CMStatistics 2020: Start Registration
View Submission - CMStatistics
Title: Weighting of parts in compositional data and its applications Authors:  Karel Hron - Palacky University (Czech Republic) [presenting]
Alessandra Menafoglio - Politecnico di Milano (Italy)
Javier Palarea-Albaladejo - Biomathematics and Statistics Scotland (United Kingdom)
Peter Filzmoser - Vienna University of Technology (Austria)
Renata Talska - Palacky University Olomouc (Czech Republic)
Juan Jose Egozcue - Universitat Politecnica de Catalunya (Barcelona, Spain) (Spain)

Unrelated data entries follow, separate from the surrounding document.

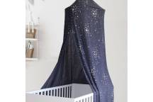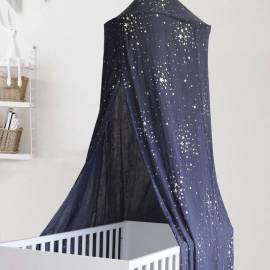 Ciel de lit bleu marine imprimé d'étoiles argentées.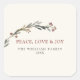 Dieser elegante Weihnachts-Square-Sticker "Frieden, Liebe & Freude" zeigt moderne und minimalistische Wasserfarbe-Grünpflanzen mit roten Beeren auf neutralem Hintergrund. Der Text kann leicht mit Ihrer Wahl der Begrüßung, Familienname, Jahr personalisiert werden.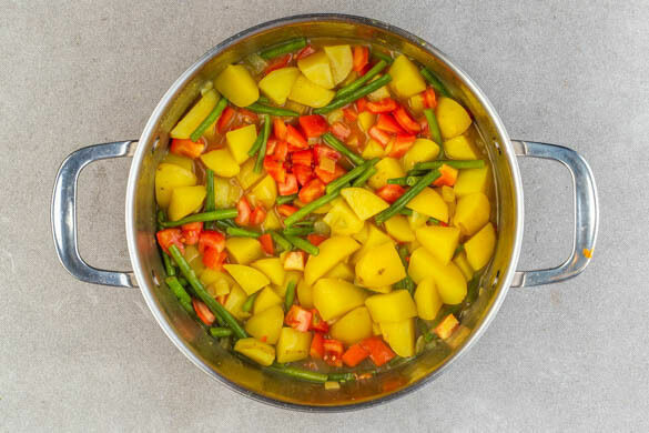 Die Bohnen und die Kartoffeln hinzufügen und mit 750ml heißem Wasser ablöschen. Ggf. etwas mehr Wasser hinzufügen, damit das Gemüse vollständig bedeckt ist. Das Brühgewürz einrühren und Suppe abgedeckt zum Kochen bringen. Sobald die Suppe kocht, die Hitze reduzieren und die Suppe ca. 12Min. sanft köcheln lassen, bis die Kartoffeln fast gar sind.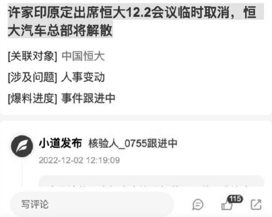 同时,上述人士表示,此次传言或许与恒大财富兑付的最新消息相关,可能引发了一些人的不满。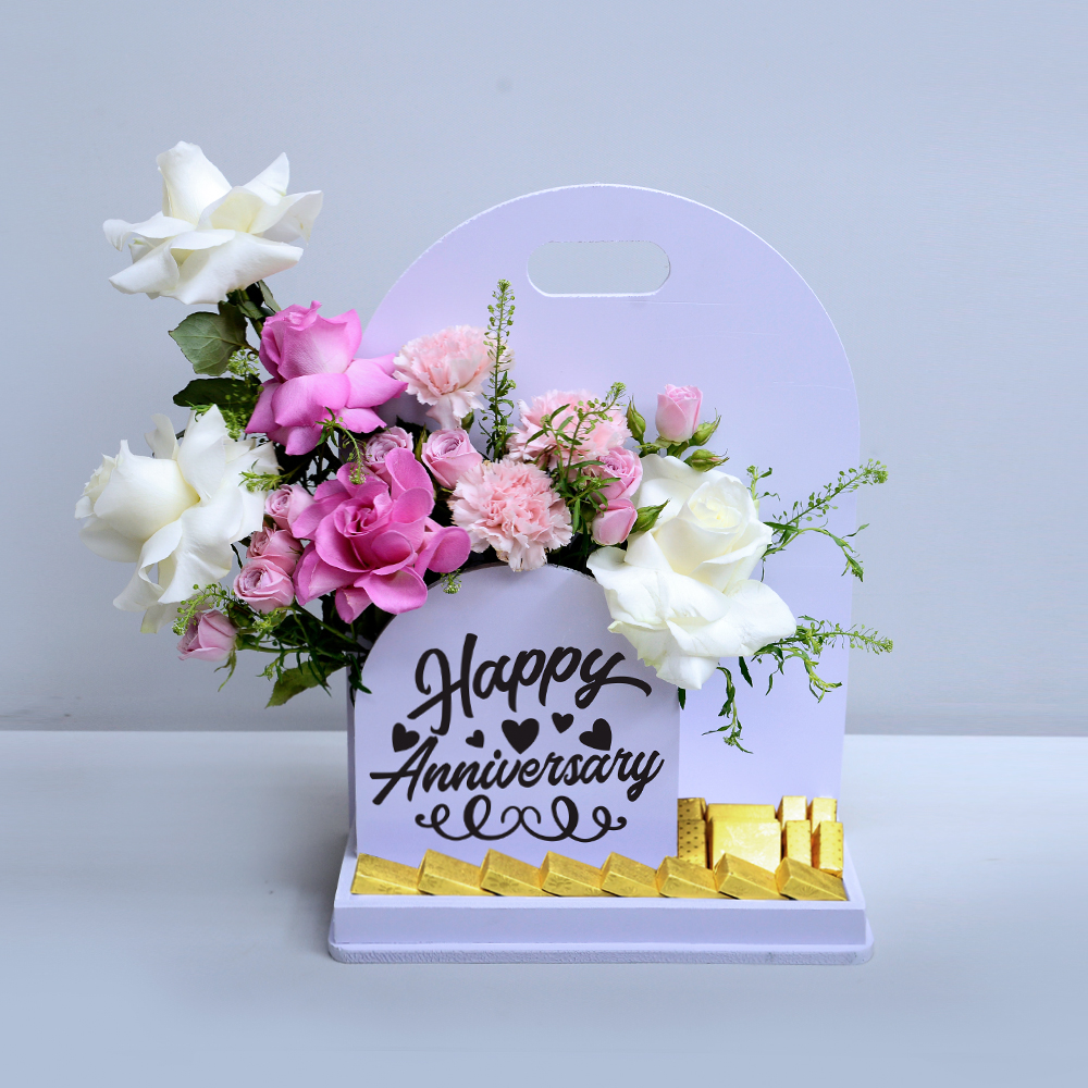 A bouquet containing roses, baby roses, gerberas, and carnations, arranged beautifully in a stand with 320g of chocolates.

Abstract: It often occurs in practice that it is sensible to give different weights to the variables involved in multivariate data analysis. The same holds for compositional data as multivariate observations carrying relative information, such as proportions or percentages. It can be convenient to apply weights to, for example, better accommodate differences in the quality of the measurements, the occurrence of zeros and missing values, or generally to highlight some specific features of compositional variables (i.e. parts of a whole). The characterisation of compositional data as elements of a Bayes space enables the definition of a formal framework to implement weighting schemes for the parts of a composition. This is formally achieved by considering a reference measure in the Bayes space alternative to the common uniform measure via the well-known chain rule. Unweighted centred log-ratio (clr) coefficients and isometric log-ratio (ilr) coordinates then allow representing compositions in the real space equipped with the (unweighted) Euclidean geometry, where ordinary multivariate statistical methods can be used and interpreted. We present these formal developments and use them to introduce a general approach to weighting parts in compositional data analysis. We demonstrate its practical usefulness on simulated and real-world data sets in the context of the earth sciences.